If you are a programmer then you have undoubtedly experienced that special feeling when a light goes on in your thought process, when those neurons finally make a connection, and you open your previous thought pattern to a new perspective. I personally love that feeling of learning something new. I've had those moments many times in my work with Java virtual machine (JVM) technologies, particularly to do with garbage collection and JVM performance optimization. In this new JavaWorld series I hope to share some of that illumination with you. Hopefully you'll be as excited to learn about JVM performance as I am to write about it!
This series is written for any Java developer interested in learning more about the underlying layers of the JVM and what a JVM really does. At a high level, I will discuss garbage collection and the never-ending quest to free memory safely and quickly without impacting running applications. You'll learn about the key components of a JVM: garbage collection and GC algorithms, compiler flavors, and some common optimizations. I will also discuss why Java benchmarking is so difficult and offer tips to consider when measuring performance.

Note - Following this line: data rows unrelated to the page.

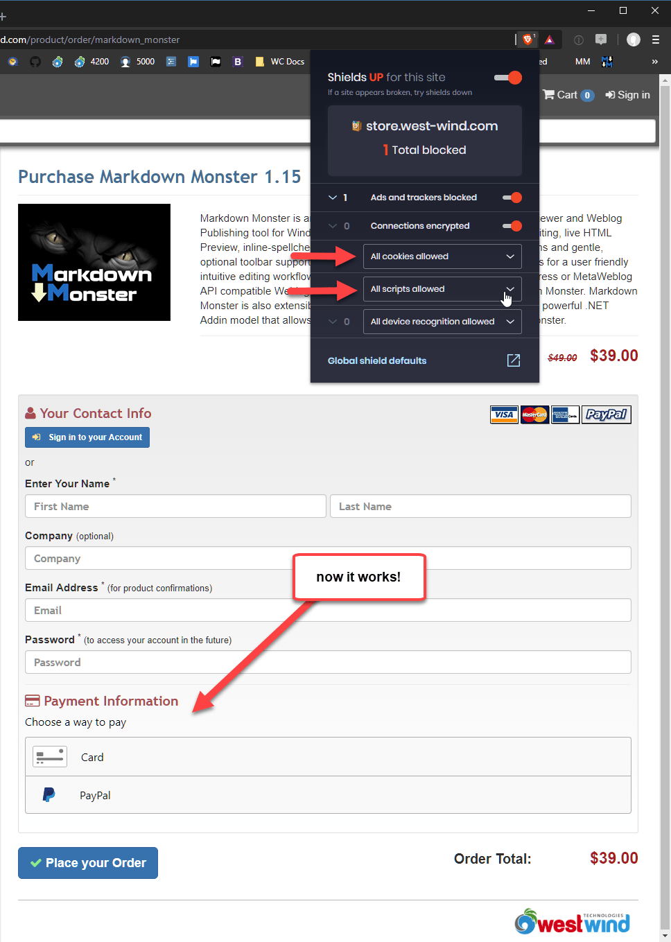 In short, if scripts or third party Cookies are blocked you cannot place an order, so please make sure you have content blockers turned off for this site.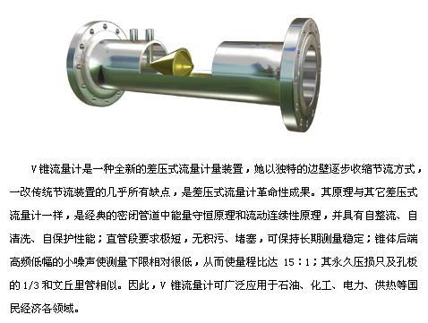 V錐流量計(jì)是一種******的差壓式流量計(jì)量裝置,并以******的邊壁逐步收縮節(jié)流方式,一改傳統(tǒng)節(jié)流的幾乎所以缺點(diǎn),是差壓式流量計(jì)建設(shè)性成果,可廣泛用于石油,化工,電力,熱供等國(guó)民經(jīng)濟(jì)各領(lǐng)域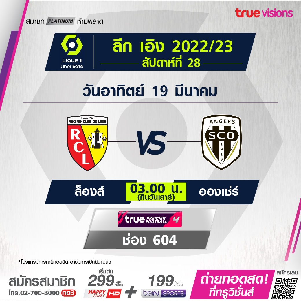 Lens vs Angers เวลา 03.00-05.00 ทางช่อง TPF 4 (604)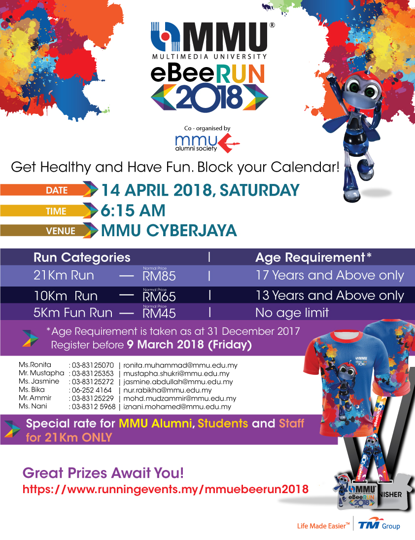 Calling all Runners! Join us at the MMU eBee Run 2018! Centre For Alumni is organising a running event on 14th April 2018 in Cyberjaya. From 5KM to 21KM, run together with your family members and friends. Great prizes await you! Sign up now at MMU eBee Run 2018 See you there!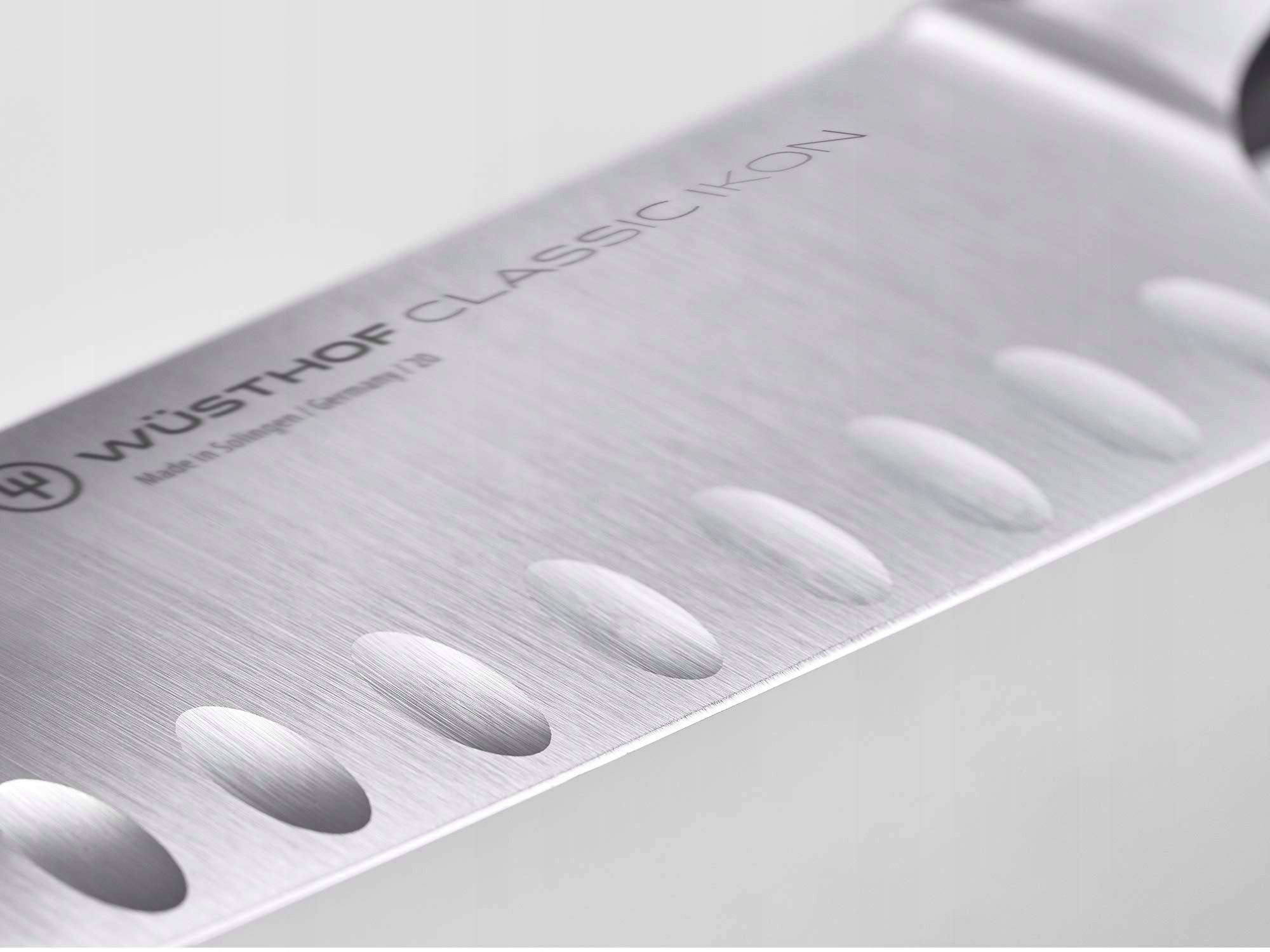 Wygładzone wgłębienia (małe zagłębienia na ostrzu) tworzą poduszki powietrzne i zapobiegają przyklejaniu się cienkich plasterków. Jasne, łatwe w pielęgnacji uchwyty zapewniają nienaganną higienę i wyglądają dobrze nie tylko w białych kuchniach

Finally, I'll touch on some of the newer innovations in JVM and GC technology, including highlights from Azul's Zing JVM, IBM JVM, and Oracle's Garbage First (G1) garbage collector.
I hope you'll walk away from this series with a greater understanding of the factors that limit Java scalability today, as well as how those limitations force us to architect our Java deployments in a non-optimal way. Hopefully, you'll experience some aha! moments and be inspired to do something good for Java: stop accepting the limitations and work for change! If you're not already an open source contributor, perhaps this series will encourage you in that direction.
I have news for people who are stuck with the idea that the Java platform is inherently slow. The belief that the JVM is to blame for poor Java performance is decades old -- it started when Java was first being used for enterprise applications, and it's outdated! It is true that if you compare the results of running simple static and deterministic tasks on different development platforms, you will most likely see better execution using machine-optimized code over using any virtualized environment, including a JVM. But Java performance has taken major leaps forward over the past 10 years. Market demand and growth in the Java industry have resulted in a handful of garbage-collection algorithms and new compilation innovations, and plenty of heuristics and optimizations have emerged as JVM technology has progressed. I'll introduce some of them later in this series.